The Fort St. John Railway Bridge is an abandoned steel railroad bridge that crosses Lake Pontchartrain and has not been used for decades. Its rusted structure stands alone in the water and disappears on foggy days into the moisture rising from the lake. You can reach it from the shore and watch how the metal beams slowly yield to weathering. The bridge recalls a time when trains ran directly over the lake before the route was abandoned. It belongs to those forgotten structures in Louisiana that tell of industrial history and change without anyone using them today.
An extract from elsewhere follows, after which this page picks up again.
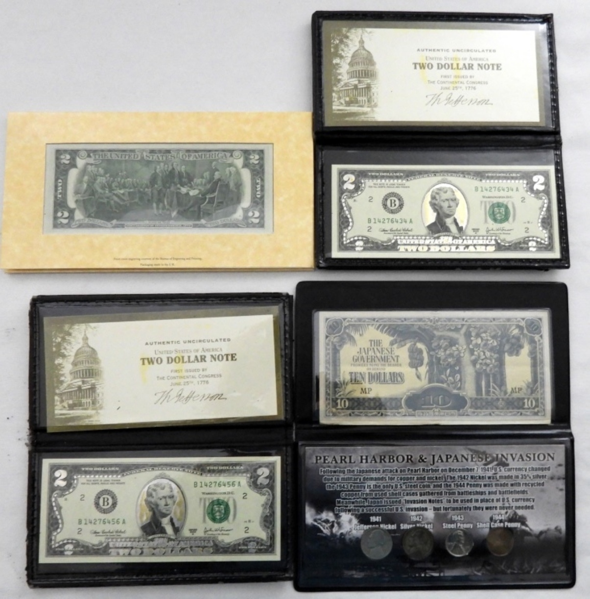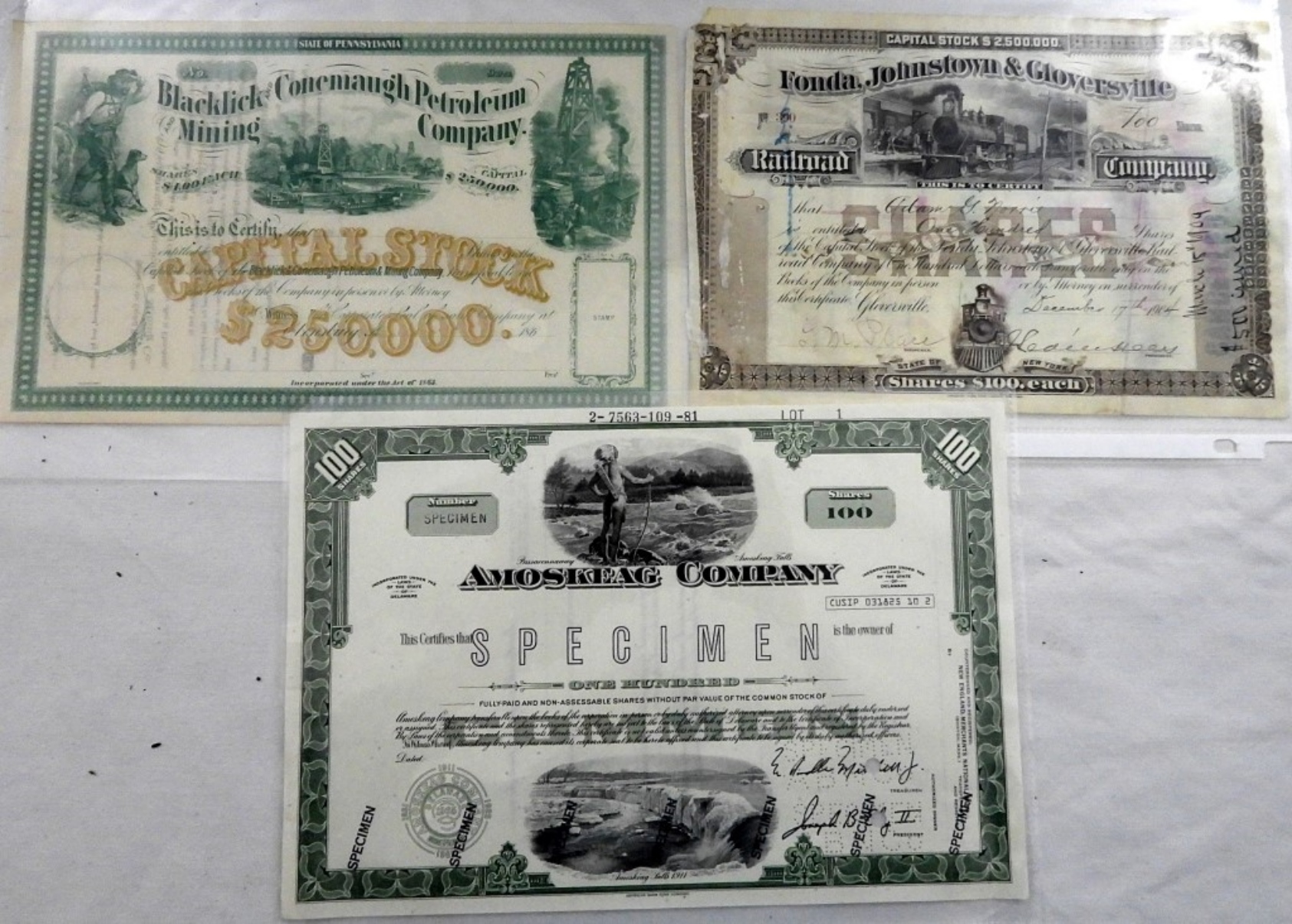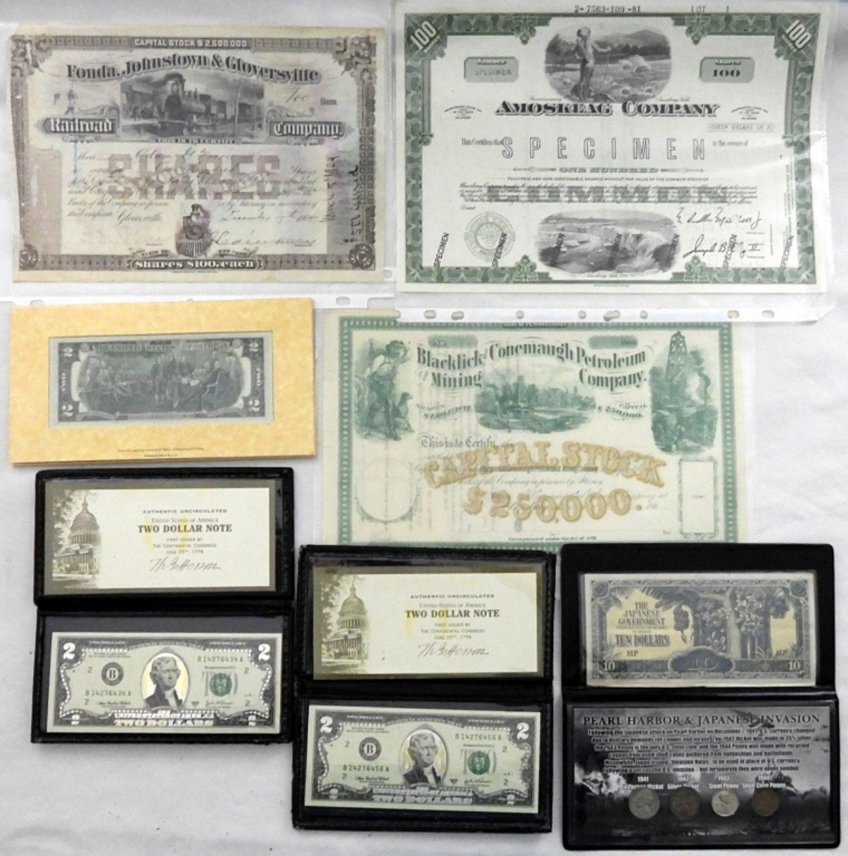3-$2 NOTES-UNC, THE THOMAS JEFFERSON COINAGE & CURRENCY SET, AMOSKEAG COMPANY STOCK CERTIFICATE “SPECIMEN”, 1904 FONDA, JOHNSTOWN, & GLOVERSVILLE RAILROAD CO. STOCK CERTIFICATE- 100 SHARES, AND BLACKLICK AND

The Parcours des Arbres Tordus de Lafitte follows a trail through swampland where trees grow in twisted and spiral shapes. Locals say the pirate Jean Lafitte buried treasure here and that the trees have grown this way ever since. The path winds between cypresses and palms, their trunks turning in odd directions. Water often stands just below the roots, and the ground is soft and damp. You hear birds and the quiet splash of water around the roots. The area stays calm, with few visitors coming through. The twisted trunks form natural sculptures rising above the dark water. Some locals still believe the legend of the pirate and his buried treasure. The path is unpaved and leads deep into the bayou, where nature takes over.
The former Domino Sugar refinery in Chalmette has stood partly idle since the 1970s. Sections of the plant were shut down as production declined, and buildings, silos, and machinery now rust under the Louisiana sun. Railroad tracks that once brought raw sugar from the plantations still run through the site, and conveyor belts that moved sugar through the halls remain frozen in place. Some parts have been demolished, others await reuse. The structure recalls a time when the region processed sugar in large quantities and the industry employed many families. Today the ruin bears witness to the economic shifts Louisiana experienced after the decline of sugar production.